Work to be completed: The lines below, from the one holding "Създайте допълнително пространство" through the one holding "A Learn to Read", are to be restated word for word, with all images left out.

Exercise material:
=-=-=-=-=
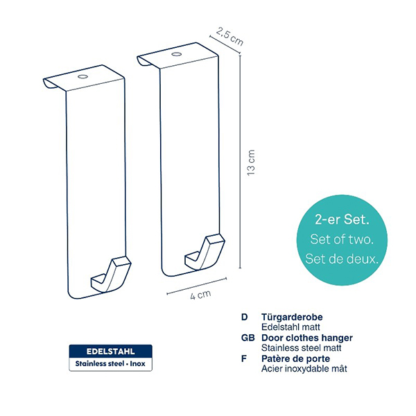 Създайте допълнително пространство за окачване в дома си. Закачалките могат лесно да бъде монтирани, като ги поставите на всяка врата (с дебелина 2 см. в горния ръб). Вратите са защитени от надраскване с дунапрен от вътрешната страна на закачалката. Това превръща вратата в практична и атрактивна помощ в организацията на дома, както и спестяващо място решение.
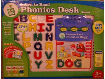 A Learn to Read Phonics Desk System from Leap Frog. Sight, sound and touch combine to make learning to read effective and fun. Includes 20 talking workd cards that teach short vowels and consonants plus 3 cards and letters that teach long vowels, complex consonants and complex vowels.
=-=-=-=-=
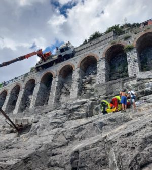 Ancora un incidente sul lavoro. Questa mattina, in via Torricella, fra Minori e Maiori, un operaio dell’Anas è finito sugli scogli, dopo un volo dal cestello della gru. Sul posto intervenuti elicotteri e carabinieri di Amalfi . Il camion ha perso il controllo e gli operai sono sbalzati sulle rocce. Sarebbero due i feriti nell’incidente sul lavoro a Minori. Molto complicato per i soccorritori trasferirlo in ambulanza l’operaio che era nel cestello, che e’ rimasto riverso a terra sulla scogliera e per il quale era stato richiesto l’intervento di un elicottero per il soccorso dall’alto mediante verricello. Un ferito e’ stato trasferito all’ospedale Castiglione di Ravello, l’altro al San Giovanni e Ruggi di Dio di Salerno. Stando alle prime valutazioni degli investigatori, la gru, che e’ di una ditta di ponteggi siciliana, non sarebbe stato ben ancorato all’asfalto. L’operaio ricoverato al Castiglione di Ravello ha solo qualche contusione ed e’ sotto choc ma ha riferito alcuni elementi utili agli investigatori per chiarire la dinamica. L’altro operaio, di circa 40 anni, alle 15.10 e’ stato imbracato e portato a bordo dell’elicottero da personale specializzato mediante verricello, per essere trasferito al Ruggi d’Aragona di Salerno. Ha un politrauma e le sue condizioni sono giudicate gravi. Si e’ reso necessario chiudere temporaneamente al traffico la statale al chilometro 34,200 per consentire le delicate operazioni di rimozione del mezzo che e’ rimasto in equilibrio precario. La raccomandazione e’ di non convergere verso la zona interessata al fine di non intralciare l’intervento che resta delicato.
=-=-=-=-=
Task solution:
 Създайте допълнително пространство за окачване в дома си. Закачалките могат лесно да бъде монтирани, като ги поставите на всяка врата (с дебелина 2 см. в горния ръб). Вратите са защитени от надраскване с дунапрен от вътрешната страна на закачалката. Това превръща вратата в практична и атрактивна помощ в организацията на дома, както и спестяващо място решение.
 A Learn to Read Phonics Desk System from Leap Frog. Sight, sound and touch combine to make learning to read effective and fun. Includes 20 talking workd cards that teach short vowels and consonants plus 3 cards and letters that teach long vowels, complex consonants and complex vowels.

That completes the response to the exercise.